Investments made over recent years into new product developments
and related activities are bearing fruit and are expected to drive
meaningful growth in the future. Coupled with the now entrenched
strategy being followed, this positions the Group well to take
advantage of the increasing number of opportunities being
presented.
Strategy
The Group's vision is to be the first-choice semiconductor
partner to technology innovators, together transforming how the
world communicates.
We are focused on our customers' success by delivering
advantages through the improved functionality and performance of
class leading Integrated Circuit ("IC") solutions. R&D activity
is targeted at developing the product portfolio to support emerging
and evolving customer requirements for size, cost and performance
whilst striving to remain each customer's first choice supplier
within their advanced communication platforms.
A more connected world is fuelling the insatiable appetite for
data consumption - driving growth across communications markets
globally. As a result of focused market and customer intelligence
activities, our new product development teams are supporting the
expansion of our total addressable market to include applications
within 5G, Satellite and the Industrial Internet of Things
("IIoT"). This complements the existing markets of public safety,
maritime and mission critical wireless voice and data
communications, leveraging our systems knowledge, semiconductor
engineering capabilities and routes to market.
Markets and operations
For the comparable prior year period (April to September 2021
inclusive), revenues from voice-centric wireless applications had
started to improve, with the situation across a wide range of
data-centric IIoT customers faring somewhat better. Fast forward to
the end of September 2022 and the progress has been more
pronounced, with the level of new order bookings and product
shipments delivering a fourth consecutive six-month period of
revenue growth for the continuing business (excluding revenues from
the sale of the Storage Division in March 2021).
This improved performance was driven by our disciplined
execution of a clearly defined strategy to take market share and
widen the addressable market. Sales grew 22% on a year-over-year
basis and 15% sequentially. Geographically, sales into Asia grew by
21% whilst revenue from the Americas almost doubled. Conditions
within Europe were a little tougher due to the impact of lower
demand from one of the Group's significant voice communications
customers. At the period end, our total order book had advanced
once again, despite demand fluctuations that typically occur
following the supply chain disruptions that have been a feature of
the semiconductor industry over the last 18-24 months.

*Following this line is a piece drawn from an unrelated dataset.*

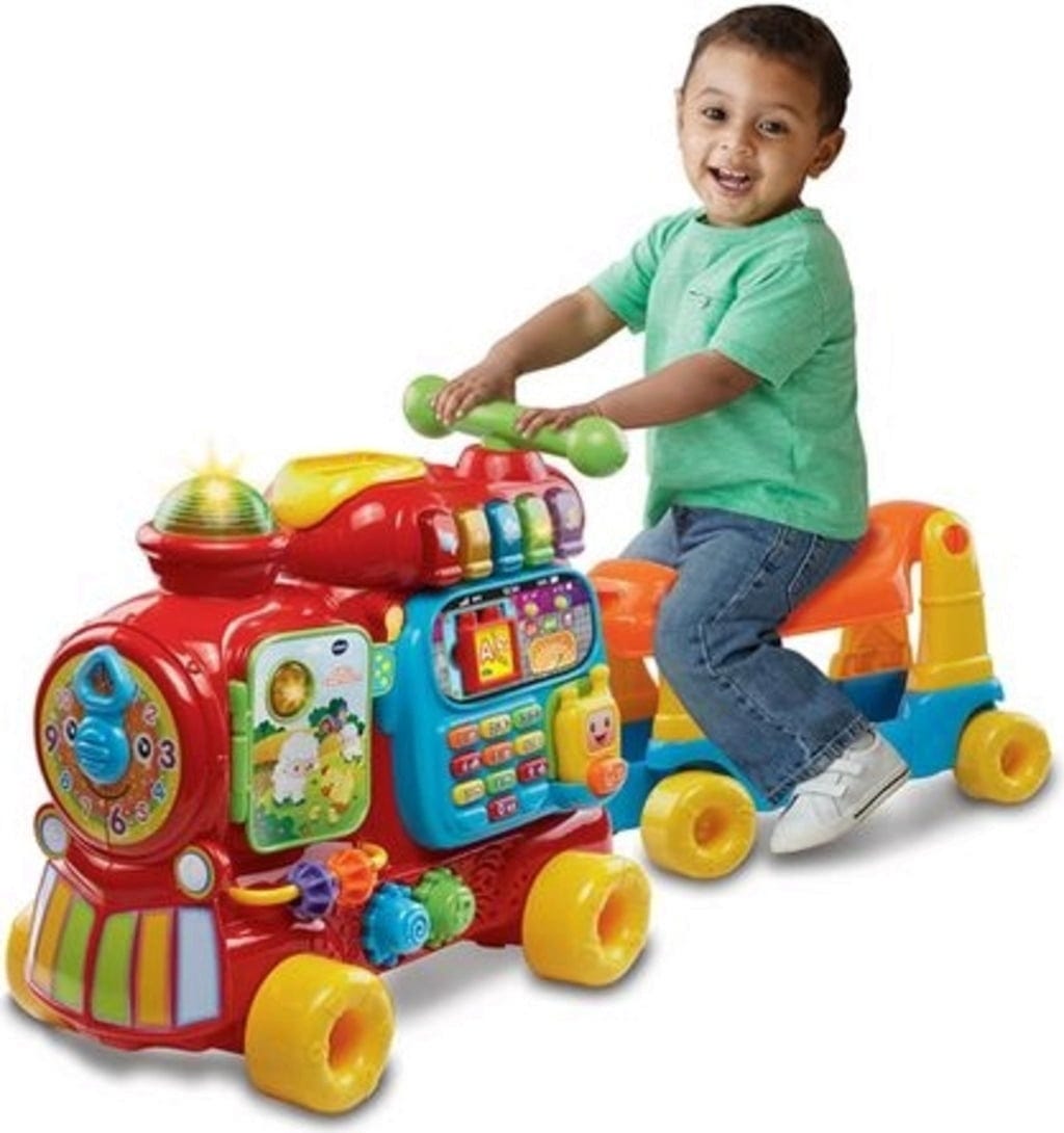 Attenzione, sta arrivando il trenino! Scopri numeri, lettere, colori, animali e molto altro. Con questo trenino puoi inoltre ascoltare le canzoncine, impilare i blocchi di lettere, rispondere alle chiamate importanti con il walkie-talkie giocattolo, trasportare il tuo giocattolo preferito. Un set colorato che offre un divertimento senza fine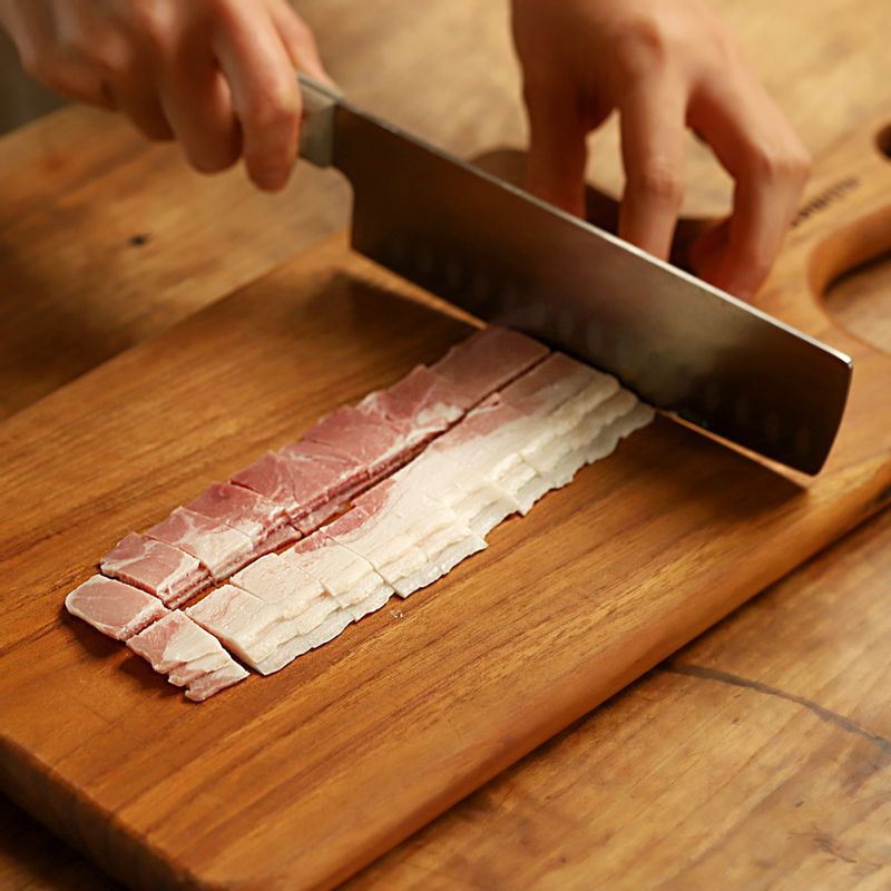 Bước 1: Bắp cải bạn mua về rửa dưới vòi nước, ngâm với nước muối pha loãng rồi sau đó lại rửa sạch dưới vòi nước. Đối với món ăn này bạn nên mua loại bắp cải ở cửa hàng bán thực phẩm sạch để đảm bảo độ an toàn, tươi ngon. Cắt bắp cải đã làm sạch thành 3 miếng theo kiểu bổ cau, giữ nguyên phần lõi. Để bắp cải vào rổ cho ráo nước. Cắt thịt xông khói thành miếng nhỏ.

The global communications markets addressed by the Group are
exhibiting a number of growth areas. Within the Land Mobile
Radio/Private Mobile Radio arena (LMR/PMR), systems are constantly
evolving from analogue to digital with some customers focusing on
new products to integrate with LTE technology. Public safety
agencies prefer the spectrum efficiency associated with digital
networks and the ease with which communications can be encrypted
for security purposes. Interoperability has become a key success
factor, with P25 the dominant standard in North America and TETRA
the leading standard in Europe and some other regions. DMR is a
global private industry version of a digital standard where the
radios of multiple suppliers designed using the DMR standard can be
used in conjunction with each other. The Group is an established
supplier to a number of the major equipment manufacturers
throughout the world and continues to take market share through
product evolution and function integration.
For data-centric markets, 'smart everything' is driving data
throughput increases within industry verticals such as agriculture,
construction and smart grid/city. The use of established
geostationary satellite networks and more recently deployed
low-earth orbit networks is another important wireless medium being
used to satisfy the requirement to connect to everything from
anywhere. Whether the transmission technology is terrestrial, via
space or a combination of both, semiconductor needs vary according
to frequency range, channel bandwidth, power requirements and other
key technical performance characteristics. CML is positioning
itself to be a significant player in each of the chosen
end-application areas and possesses the people and the know-how to
succeed.
More recently, the Group has been releasing products to market
that are intended to capture share of the enormous revenue
opportunities within end applications that utilise microwave and
millimetre wave radio frequencies. Some of these market areas blur
the line between the Group's traditional "industrial" markets focus
and other more commercially oriented applications but the technical
requirements and quality demands to be successful play to our
strengths. These markets are many times larger than the Group's
already established markets within the sub 1GHz RF arena. In
support of this, an intensive product development roadmap and
associated release schedule is well underway. Through the first six
months of the financial year new IC's were released to market
including a 28GHz Power Amplifier product along with Positive Gain
Slope Amplifiers designed to compensate for frequency related gain
losses that occur when designing wide band wireless products.
Further new products are scheduled for release across the second
half of the year. All products operating above the frequency range
of 1GHz are marketed under the SuRF brand.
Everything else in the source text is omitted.